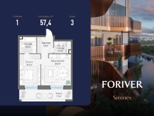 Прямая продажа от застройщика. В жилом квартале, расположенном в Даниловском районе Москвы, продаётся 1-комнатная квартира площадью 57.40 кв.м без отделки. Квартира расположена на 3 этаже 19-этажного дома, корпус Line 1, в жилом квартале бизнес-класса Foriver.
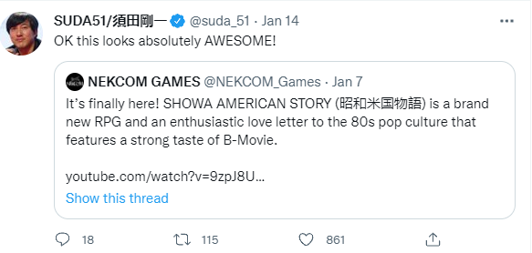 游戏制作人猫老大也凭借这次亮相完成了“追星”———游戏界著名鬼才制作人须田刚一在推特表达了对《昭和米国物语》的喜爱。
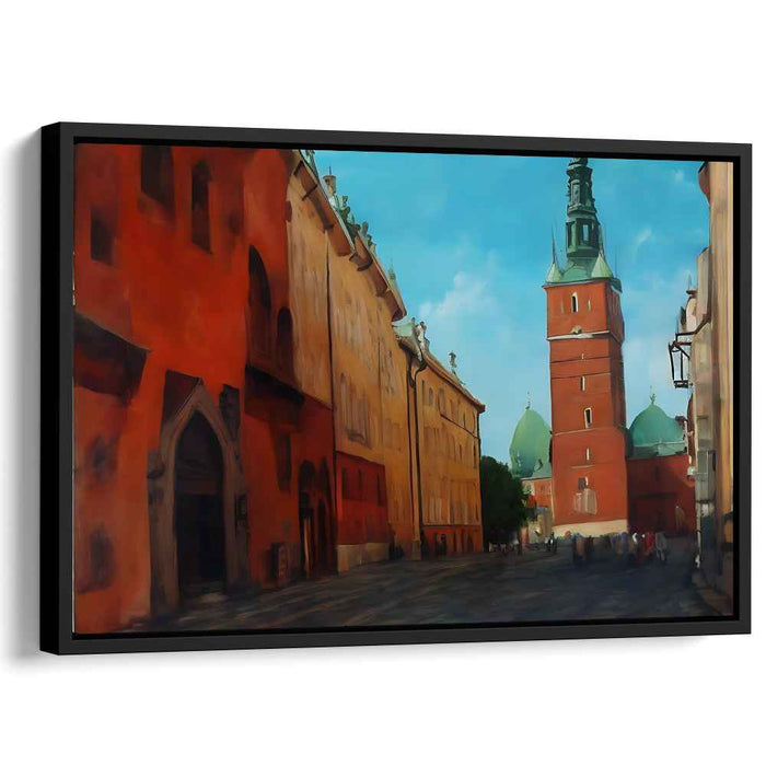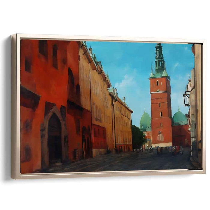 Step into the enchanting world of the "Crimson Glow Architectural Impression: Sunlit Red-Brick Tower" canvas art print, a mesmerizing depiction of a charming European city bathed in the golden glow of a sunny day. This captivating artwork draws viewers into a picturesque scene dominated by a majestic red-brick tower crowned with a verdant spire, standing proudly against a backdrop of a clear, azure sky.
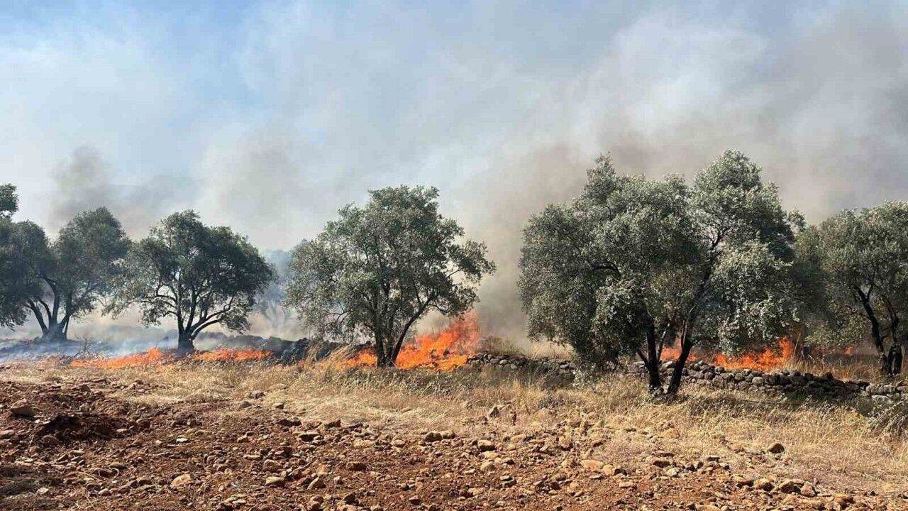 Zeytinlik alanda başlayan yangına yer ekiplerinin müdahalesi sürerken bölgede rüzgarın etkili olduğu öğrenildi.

EXERCISE REQUIREMENTS — Starting at the line that holds "游戏制作人猫老大也凭借这次亮", retype every line through the end of the data, both ends included. Pictures stay out of the copy.

RESPONSE BELOW —
 游戏制作人猫老大也凭借这次亮相完成了“追星”———游戏界著名鬼才制作人须田刚一在推特表达了对《昭和米国物语》的喜爱。
 Step into the enchanting world of the "Crimson Glow Architectural Impression: Sunlit Red-Brick Tower" canvas art print, a mesmerizing depiction of a charming European city bathed in the golden glow of a sunny day. This captivating artwork draws viewers into a picturesque scene dominated by a majestic red-brick tower crowned with a verdant spire, standing proudly against a backdrop of a clear, azure sky.
 Zeytinlik alanda başlayan yangına yer ekiplerinin müdahalesi sürerken bölgede rüzgarın etkili olduğu öğrenildi.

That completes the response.